This is book 11 in the Inspector Banks series of which I have read quite a few by now. They are all well written, although my personal interest in the plots differ a lot from book to book. Cold is the Grave sort of falls middle of the road. Its a long read, and the first third didn’t really interest me, although I could see once the story got moving, why the first third had to be there in the first place. I also found the book to be about 50 pages too long, but that is a minor detail, since it is indeed well written.

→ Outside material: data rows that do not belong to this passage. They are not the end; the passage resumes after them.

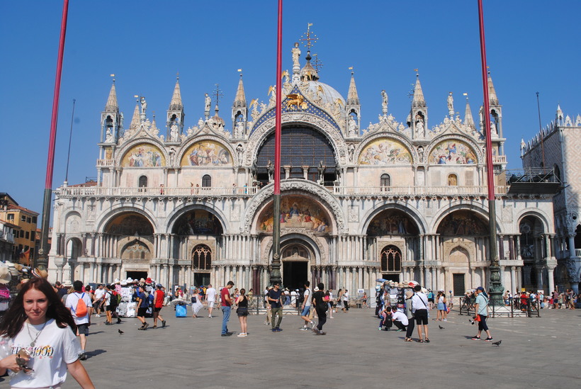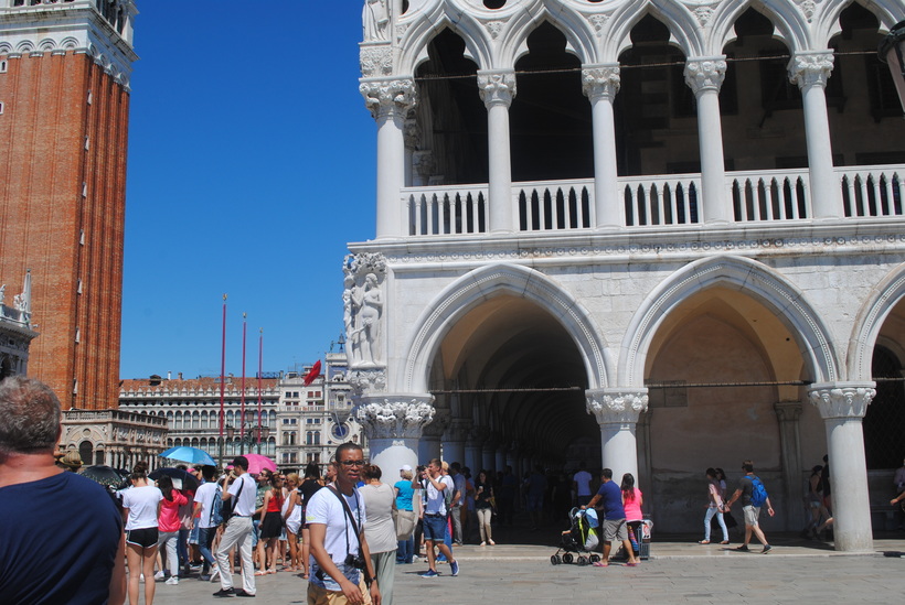 Невероятное количество людей, было просто не понятно, как площадь вмещает столько народу. Собор Святого Марка грандиозно сооружение, смотрит на площадь. Рядом шикарный дворец дожей. Яркое солнце, шикарные виды площадь запомнилась просто сказочной. Самое высокое здание, красная кирпичная башня, видна отовсюду, даже с соседних островов.
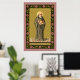 Servant of God, Venerable, Blessed, Saint-- in the modern process of canonization, a candidate for sainthood rises through the ranks. However, the epithet ‘Venerable’ given to St. Bede has less to do with process than with the esteem with which he was regarded by his near contemporaries. Born in 672 or 673 of a noble house in North East England, Bede, whose name in Old English may mean ‘prayer’, was sent to the Benedictine monastery of St. Peter at Monkwearmouth at the age of seven to be educated perhaps in preparation for the religious life. Though Bede moved to St. Paul’s at Jarrow, the second house of the double monastery, he never left the Benedictine life. At Jarrow, he lived out his days as a priest in prayer, in study, and, above all, at writing. He died of natural causes in 735. + Today, Bede is best known for his Ecclesiastical History of the English People which has earned him the title of ‘Father of English History.’ However, he was a polymath. A skilled linguist and translator, he made the writings of the Early Church Fathers accessible in English. He wrote Chronicles, Biblical commentaries, lives of the saints, grammars, and homilies. His interest in computus (the dating of historical and ecclesiastical events especially Easter) popularized the B.C./A.D. system still in use today. He even wrote poetry in both Latin and vernacular English. For his body of theological works, Bede was declared a Doctor of the Church in 1899, the only native-born Englishman to hold the title. + The image here is a simple one: Garbed in the loose, cowled, Benedictine habit with its typically long, wide sleeves, a bald and gray-bearded Bede raises his right hand in a speaking gesture and holds an open book from which he preaches in his left. + St. Bede the Venerable is patron of lectors. + Feast: May 25 + Image Credit (P 008): Antique image of S[t] Bede. The Venerable. C[onfessor] from a late 19th-century devotional print in chromoxylography, originally published by Friedrich Pustet, Regensburg, New York, and Cincinnati. From the designer’s private collection of religious ephemera.
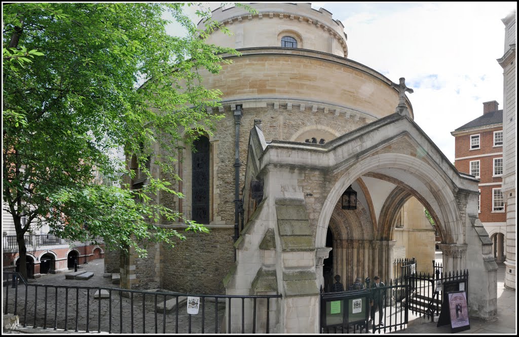 The Temple Church is a late 12th-century church in the City of London located between Fleet Street and the River Thames, built by the Knights Templar as their English headquarters. During the reign of King John (1199–1216) it served as the royal treasury, supported by the role of the Knights Templars as proto-international bankers. It is jointly owned by the Inner Temple and Middle Temple Inns of Court, bases of the English legal profession. It is famous for being a round church, a common design feature for Knights Templar churches, and for its 13th and 14th century stone effigies. It was heavily damaged by German bombing during World War II and has since been greatly restored and rebuilt.
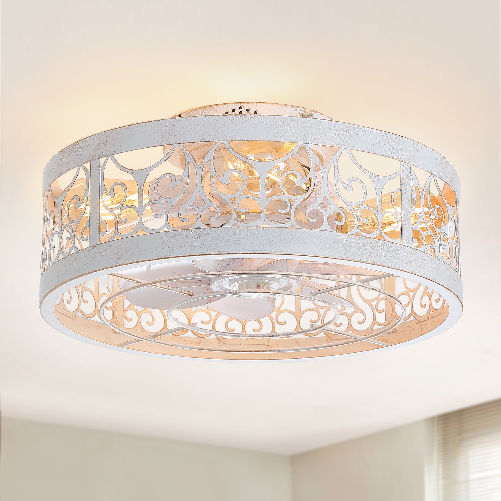 16.5-in Vintage Distressed White Low Profile Ceiling Fan with Light and Remote Control(7-blade)
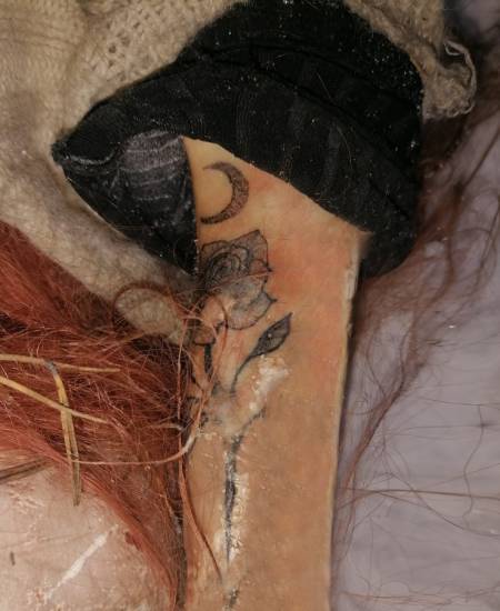 Особые приметы: на внутренней поверхности правого предплечья имеется татуировка в виде розы и полумесяца.
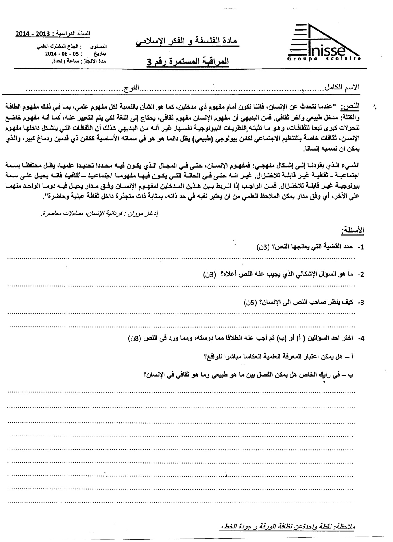 الفرض 3 نموذج 5 - الفلسفة جذع مشترك الدورة الثانية
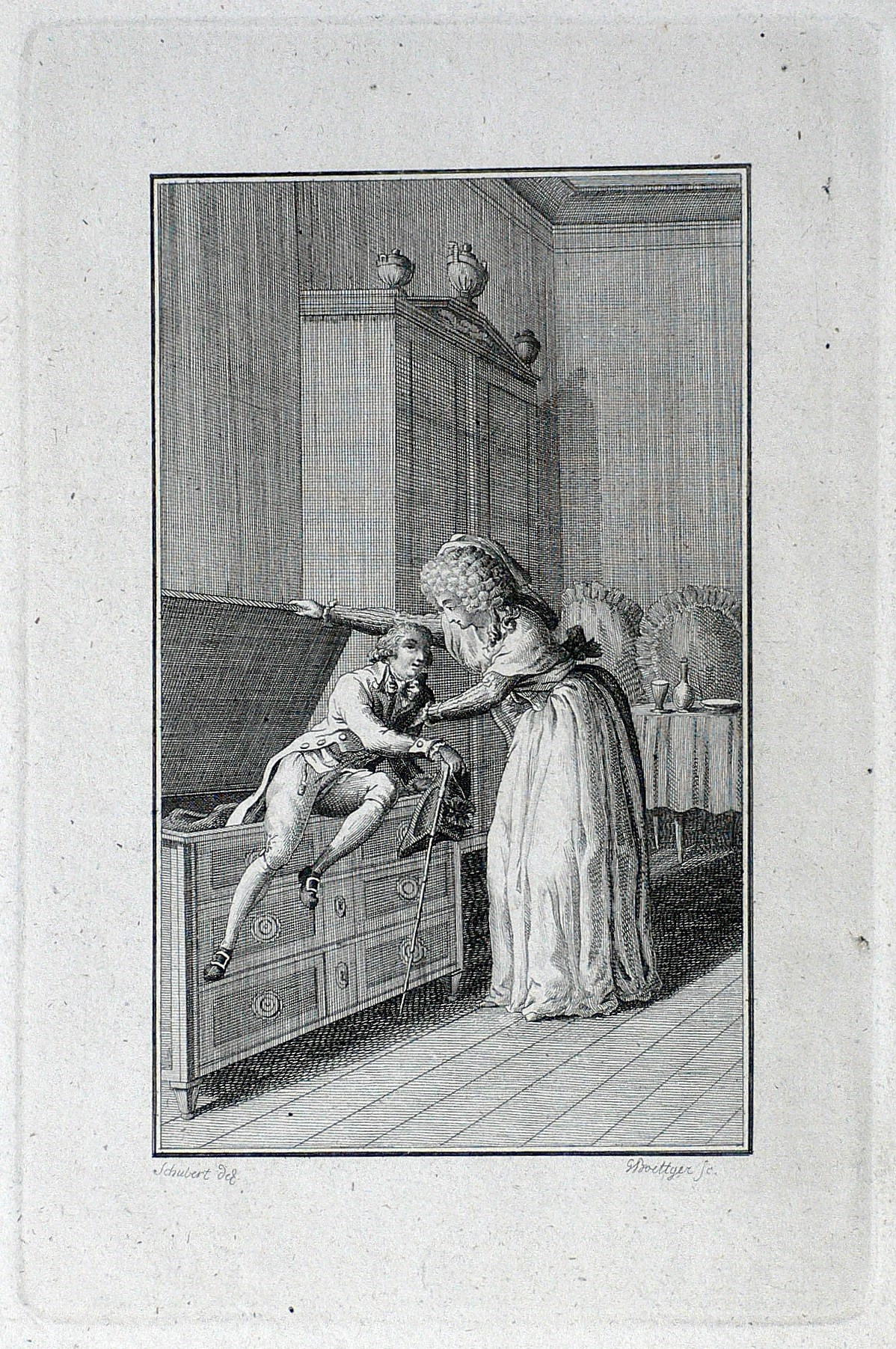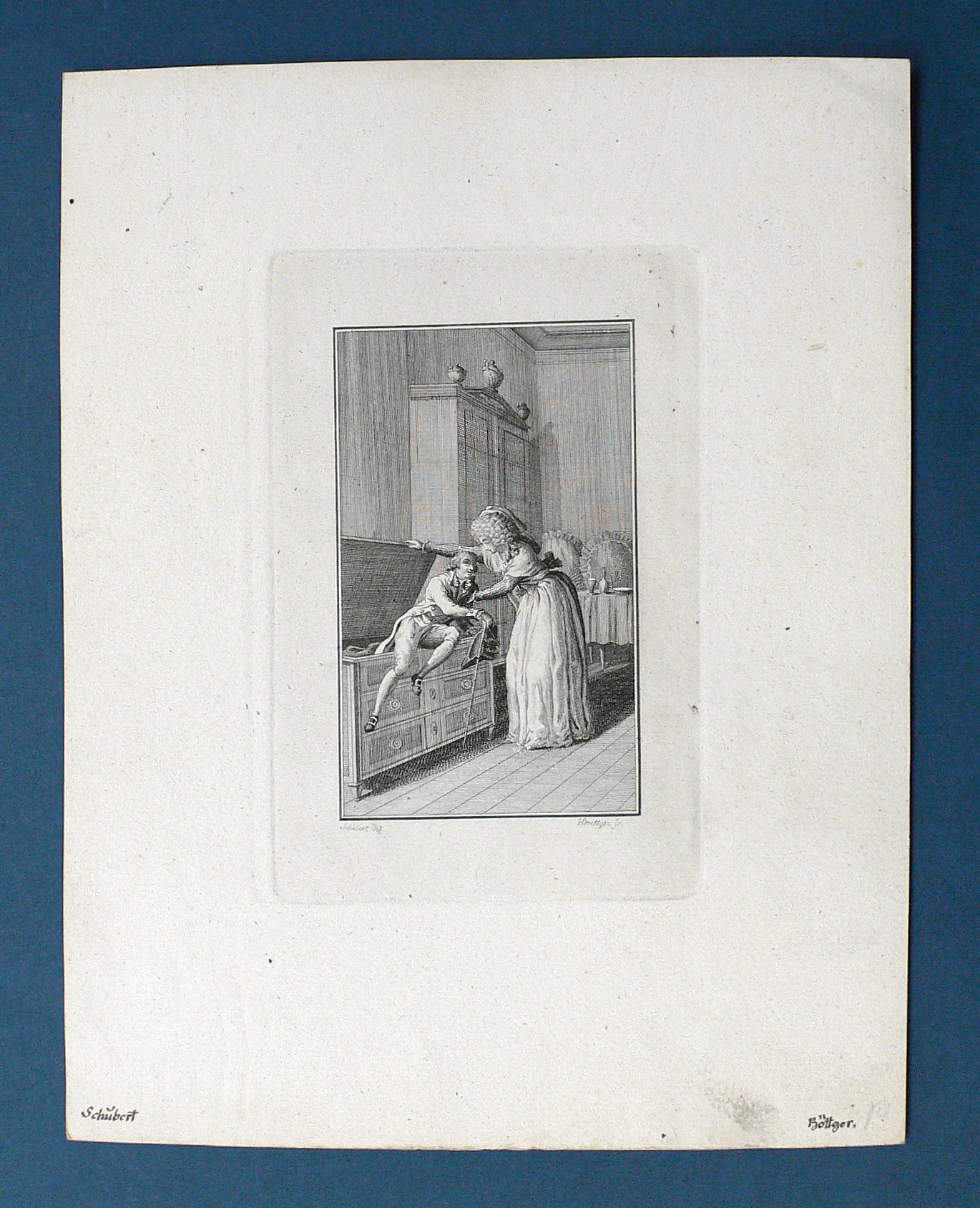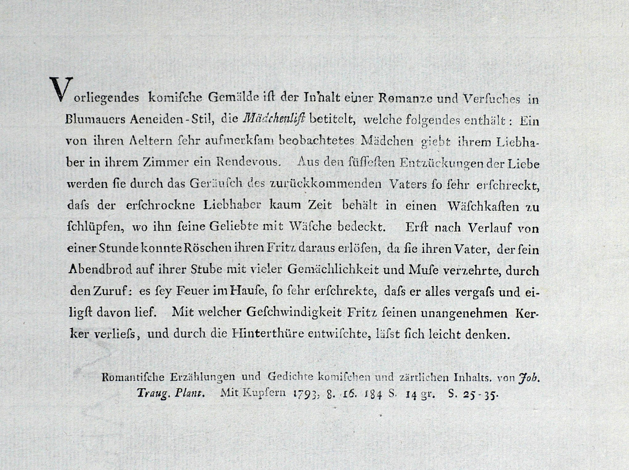 Aus: Johann Traugott Plant, Romantische Erzählungen und Gedichte komischen und zärtlichen Inhalts (Leipzig: Voß & Leo 1793). – In der Platte unterhalb der Darstellung signiert: ″Schubert del. / G Boettger sc.″ Das beigegebene Textblatt mit einem Kommentar, beginnend: ″Vorliegendes komische Gemälde ist der Inhalt einer Romanze und Versuches in Blumauers Aeneiden-Stil, die Mädchenlist betitelt, welche folgendes enthält: Ein von ihrem Aeltern sehr aufmerksam beobachtetes Mädchen giebt ihrem Liebhaber in ihrem Zimmer ein Redevous. Aus den süssesten Entzückungen der Liebe werden sie durch das Geräusch des zurückkommenden Vaters so sehr erschreckt, dass der erschrockne Liebhaber kaum Zeit behält in einen Wäschkasten zu schlüpfen, wo ihn seine Geliebte mit Wäsche bedeckt. Erst nach Verlauf von einer Stunde konnte Röschen ihren Fritz daraus erlösen, ...″ – Wohl als Verlagsanzeige zu Werbezwecken herausgegebener Einblattdruck für das entsprechend mit Kupfern ausgestattete Bändchen von Plant. - Beigegeben das zugehörige Textblatt! – Beide Blätter in hervorragendem Zustand.

Banks is being sent to London from his Yorkshire turf to help finding Emily, the runaway daughter of his boss, chief of police Jerry Riddle. Riddle has political ambitions, and he asks Banks to do this investigation at most discreet. Riddle and his cool wife Rosalind, the lawyer, are not interested in having their wild daughter tarnish the Riddle family’s reputation. Banks unwillingly travels to London, manages to find Emily and delivers her relatively safe and sound to her family again.
Later a couple of lowlife criminals are found murdered, and as the investigations into those murders begin, Emily shows up again, asking Banks to meet with her. Soon it becomes clear that some of Emily’s aquaintances in London could be involved in the murders of the low life criminals. Before Banks and his team manages to crack open the case completely, dramatic things happen, and the investigation takes on a whole other direction.
And this is where the story becomes a real mystery, with twists and turns, one more surprising than the other. In the end it is all being wrapped up – even Banks’ love life which has been unsteady since his wife Sandra left him in an earlier book. The last part of the book was definitely the best, and I am already looking forward to the next one in the series, Aftermath.